#### THE TASK:
Copy, exactly and without additions, every line in the records below from the one holding "新春将至,欢乐跨年。2020" through the one holding "Рейтинг ATP. Клижан", both ends included.

#### DATA EXCERPTS:
----

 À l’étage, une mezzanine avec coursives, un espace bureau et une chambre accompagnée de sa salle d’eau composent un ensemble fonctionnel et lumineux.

----

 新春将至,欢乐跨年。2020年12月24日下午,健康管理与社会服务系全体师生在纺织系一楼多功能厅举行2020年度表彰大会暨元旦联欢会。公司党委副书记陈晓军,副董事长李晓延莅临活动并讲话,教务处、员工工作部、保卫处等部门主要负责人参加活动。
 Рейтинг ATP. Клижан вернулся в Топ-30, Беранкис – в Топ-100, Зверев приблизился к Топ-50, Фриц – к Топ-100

----

#### OUTPUT:
 新春将至,欢乐跨年。2020年12月24日下午,健康管理与社会服务系全体师生在纺织系一楼多功能厅举行2020年度表彰大会暨元旦联欢会。公司党委副书记陈晓军,副董事长李晓延莅临活动并讲话,教务处、员工工作部、保卫处等部门主要负责人参加活动。
 Рейтинг ATP. Клижан вернулся в Топ-30, Беранкис – в Топ-100, Зверев приблизился к Топ-50, Фриц – к Топ-100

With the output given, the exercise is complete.